Thriller.

Sortie le 10 mars 2016,

aux éditions Fleuve,

Collection Fleuve Noir.

396 pages.

«I will survive».

C’était le dimanche 12 juillet 1998. À quel prix ? Ça, la chanson ne le dit pas.

Cette nuit-là, trois garçons pleins d’avenir ont renversé une femme, une étudiante s’est fait violer, un jeune flic a croisé son âme sœur et un bébé est né. Près de vingt ans plus tard, voilà que tous se trouvent concernés par la même cause.

On est à Vrainville, en Normandie. L’usine centenaire Cybelle va fermer ses portes. Le temps est venu du rachat par un fonds d’investissement. Cybelle, c’est l’emploi de la quasi-totalité des femmes du village depuis trois générations, l’excellence en matière de sous-vêtements féminins, une réussite et surtout, une famille. Mais le temps béni de Gaston est révolu, ce fondateur aux idées larges et au cœur vaste dont les héritiers vont faire une ruine. Parmi ces héritiers, Vincent, l’un des trois garçons pleins d’avenir. Il a la main sur la destinée de quelques centaines de salariés. Mais il n’a pas la main sur tout, notamment sur ce secret étouffé dans un accord financier vingt ans plus tôt par son père et le maire de Vrainville, père du 2e larron présent la nuit du 12 juillet dans la voiture meurtrière. Le 3e gars, Maxime, n’a la main sur rien, personne n’a payé pour lui et surtout il n’a pas oublié. C’est l’un des seuls hommes employés par Cybelle et un délégué syndical plutôt actif. Côté ouvrier, on connaît déjà le prix de la revente de Cybelle. Ça signifie plus que la fin d’une belle histoire entrepreneuriale : la mise au ban, la galère et l’oubli. Alors c’est décidé, ils n’ont plus le choix : puisque personne ne parle d’eux, ce qu’il leur faut, c’est un mort.

Source: Externe

 

Les destins croisés, c'est toujours un point qui m'attire dans un roman. J'ai été servie.

 

Le style de l'auteur est très simple et fluide, j'avais l'impression d'écouter quelqu'un parler.

Le mélange du passé et du présent est bien fait et cohérent. Je n'ai eu aucune difficulté à me situer dans les différentes époques.

 

Dès le départ, on découvre énormément de personnages. Ils vont se croiser, se connaître, s'éloigner ou se rapprocher... Tous ont une personnalité propre et un rôle bien défini dans l'histoire. Certains sont détestables, d'autres nous prennent en pitié : on ne reste de toute façon pas indifférent face à eux.

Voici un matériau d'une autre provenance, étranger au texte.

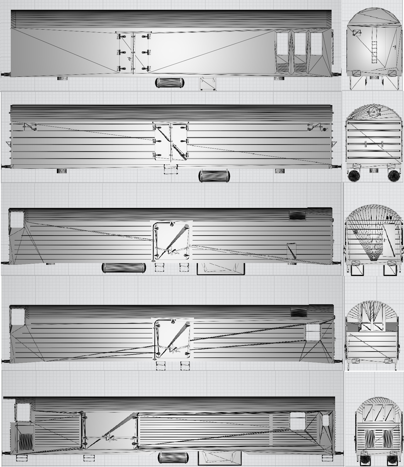 (dělá to dojem, že vozy jsou zobrazeny v různých měřítkách - viz různé šířky vozů na bokorysech vpravo)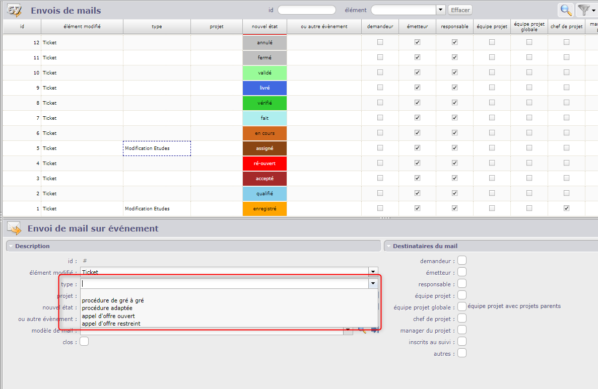 In my example, I try to create send email for ticket element, and the type should be like in screen 1,but the type are like in screen 2.

J'ai eu une petite préférence pour William et sa famille, qui pourtant arrivent assez tard dans le récit.

 

Je ne considère pas ma lecture comme un thriller mais plutôt comme un drame : il y a bien une enquête en seconde partie de roman mais ce n'est pas non plus assez palpitant pour rentrer dans le genre de prédilection de Thilliez ou Chattam.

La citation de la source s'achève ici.